Эйлин гадала, когда же ей представится возможность завести светские знакомства и засиять в полную силу. Предположим, ее Фрэнк станет очень богатым и заработает очень много денег, – даже гораздо больше, чем в прошлом, – какую пользу это принесет ей здесь? До его банкротства в Филадельфии и еще до того, как ее заподозрили в тайной связи с ним, он наконец-то стал жить на широкую ногу и начал устраивать блестящие приемы. Если бы она тогда была его женой, то без труда вписалась бы в высшие круги филадельфийского общества.
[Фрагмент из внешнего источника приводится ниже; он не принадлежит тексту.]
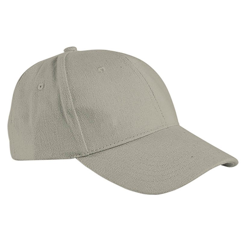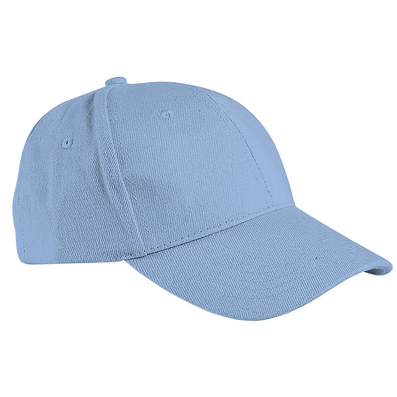 šestpanelový strih, vystužené 2 predné panely, prešívaný, zlahka prehnutý šilt, obšité vetracie otvory, potiaca páska, velkost nastavitelná suchým zipsom.Brúsený keper, 100 % bavlna.

Но здесь… Боже милосердный! Она с отвращением вздернула носик.
– Что за жуткое место!
Таково было ее единственное мнение о самом энергичном и быстро растущем городе на северо-западе США.
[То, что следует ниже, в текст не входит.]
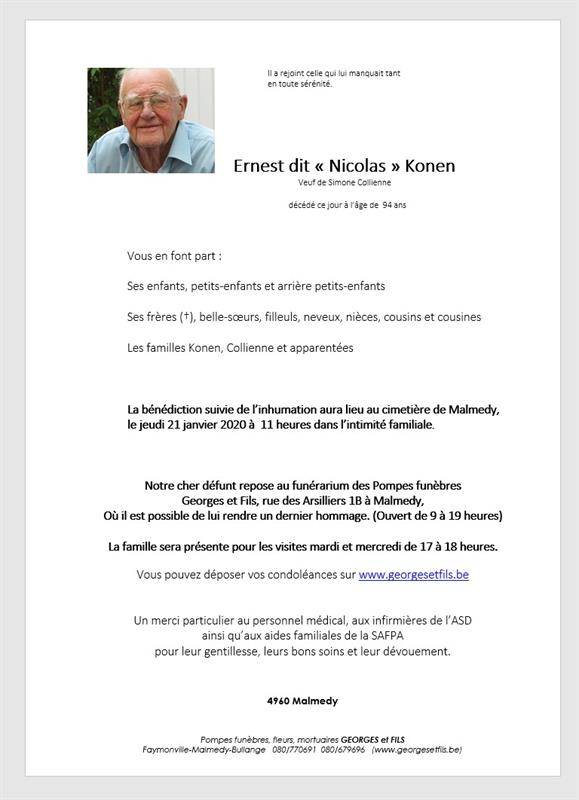 Décédé à Malmedy (4960) le lundi 18 janvier 2021 à l'âge de 94 ans

Но когда речь шла о Чикаго с его кипучей и бьющей через край жизнью, Эйлин совершенно преображалась. Помимо решения множества финансовых вопросов, Каупервуд следил за тем, чтобы она не чувствовала себя одинокой. Он предложил ей делать покупки в местных магазинах и рассказывать ему о них, чем она с энтузиазмом и занималась, разъезжая в открытой коляске в привлекательных нарядах и в большой коричневой шляпе, выгодно оттенявший ее матовое лицо с розовыми щеками и рыжевато-золотистые волосы. Когда Эйлин впервые довелось увидеть просторную красоту Прери-авеню, Норт-Шор-драйв, Мичиган-авеню и новые особняки на Эшленд-бульвар, окруженные зелеными лужайками, то надежды, устремления и привкус будущего Чикаго взыграли в ее крови точно так же, как раньше у Каупервуда. Все эти богатые дома также были совершенно новыми, а великие люди Чикаго лишь недавно стали богачами, как и они сами. Она забыла, что до сих пор еще не была женой Каупервуда, потому что чувствовала себя его настоящей супругой. Улицы, большей частью с тротуарами из кремово-бурого плитняка и окаймленные молодыми, недавно высаженными деревьями, лужайки с ровной зеленой травой, окна домов с яркими маркизами и кружевными занавесками, колыхавшимися от июньского ветерка, постовые с серым и скрипучим щебеночным покрытием, – все это будоражило ее воображение. Во время поездки они обогнули озеро по Норт-Шор-драйв, и Эйлин, созерцавшая голубовато-зеленые воды, далекие паруса, парящих чаек и новые яркие дома, прониклась уверенностью, что однажды она будет хозяйкой одного из этих великолепных особняков. Как надменно она будет держаться, как красиво она будет одеваться! У них будет роскошный дом, – без сомнения, гораздо лучше, чем старый дом Фрэнка в Филадельфии, – с огромным бальным залом и просторной столовой, где она сможет устраивать танцы и давать званые ужины, и где их с Фрэнком будут принимать как равных с новоиспеченными чикагскими богачами.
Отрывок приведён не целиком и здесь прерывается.